I questioned Paddy about the nightly/weekly parades around the camp and he gave me a lot of local knowledge since he lives nearby. He had some interesting insights and more than a few complaints because he lives close enough to be impacted by the camp. However, he also talked up the peace a lot, as did many others I met on my travels, and he remains hopeful that the city (and many in it) will change and grow. But it is still clear that even with the cross-community attempts at integration and compromise, many groups will never get over the perceived injustices that they face. It is why one wall can come down as others go up or get even taller. This is the tragedy of Belfast. Its potential is great and the people are wonderful but it is an intensely divided and poor city in the far corner of a kingdom that couldn’t seem to care less about it. However, if you question that or think that reunification may make things better, you’ll hit massive resistance and constant turmoil.

After my long drive with Paddy, I spent the rest of my time in Belfast on foot. I spent a day in Milltown Cemetery and visited the Eileen Hickey Museum.
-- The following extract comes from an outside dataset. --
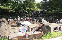 毎年の開放期間は7月中旬から10月下旬までとなっています。おむつをしている子どもは利用できないのでご注意ください。岩は滑りやすいので、サンダル等を履いて遊んでくださいね。
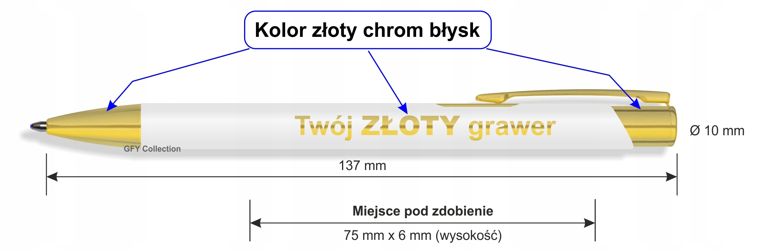 Ім'я та прізвище або коротке вигравіруємо лазером. текст ручкою безкоштовно. Ефективне гравірування вашого тексту в золотистому хромі того ж кольору, що й обробка ручки.

I got out of the city center and walked through many of the neighborhoods we’d driven before, documenting the murals and the stories of each. I was struck by all the differences and the similarities of each neighborhood. On the surface there are drastic differences in ideals, rhetoric, and how they react to strangers, but everyone living in these areas has the same struggles. They want their kids to be safe and to have a better life. They want a government that cares about them. They want better choices and to be able to express their histories and their cultures. It’s just that these stories and cultures are so diametrically opposed that there can’t be much middle ground. Some areas made it quite clear that people will remain divided, whether or not there are any boundaries or peace walls left in the future.
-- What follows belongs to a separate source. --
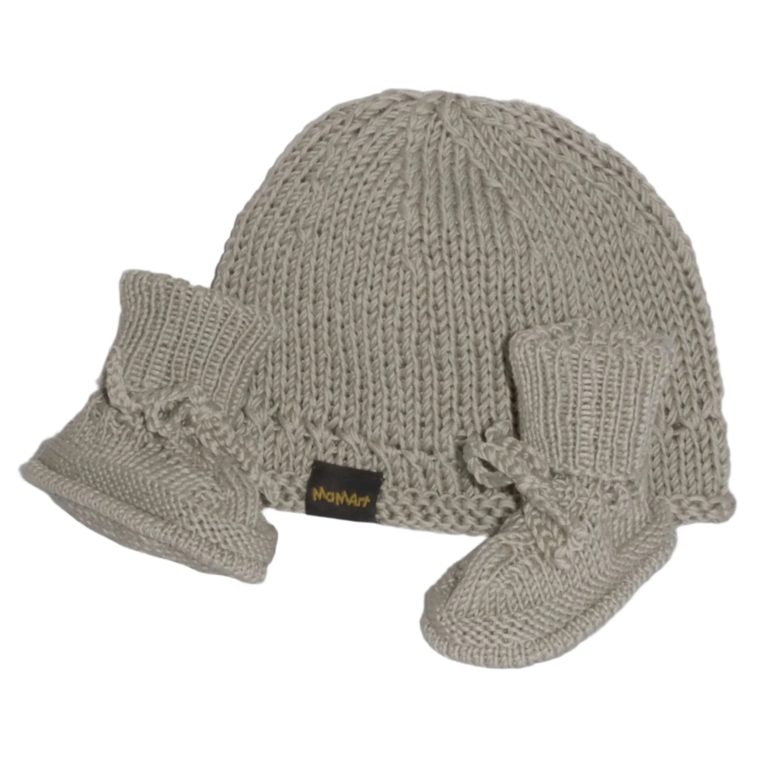 MAMART – coffret cadeau bébé bonnet et pinsons beige clair travail manuel suisse dans une boîte cadeau

I stopped at Divis tower for a minute and met three young kids. They were loud, wonderfully bratty, and playful and they wanted me to take pictures of them and not just the murals nearby. It tickled them to think that they might be put on the internet and that I was traveling their city as a writer. “Why you here for?” They asked. “Nothing ever happens here.”


Considering the murals, the location of where this shot was taken, my passion for the area’s history, and the closed gates up the road, I had to silently disagree with them. Then again though if they can grow up without anything ever happening to them, who am I to argue? In fact, I’d celebrate that.

Belfast remains close to my heart. Getting as much time there as I did and traveling it alone gave me a lot of time to explore the city. I saw many of its ghosts, even as I took in the present climate and pondered its future. I had one taxi driver who took me all the extra places I wanted to see and another who refused to drop me where I truly wanted to go – in fact, he wouldn’t even take me out of City Center at all. I wish there was a magic wand for the economy and a political solution that would satisfy every resident who calls it home, but that kind of thing is well above my pay grade and beyond my comprehension. In the meantime, I’ll settle for nothing ever happening to the children of the region ever again. May they all live incredibly boring lives, growing into an adulthood that doesn’t care which neighborhood they grew up in or what religion they claim.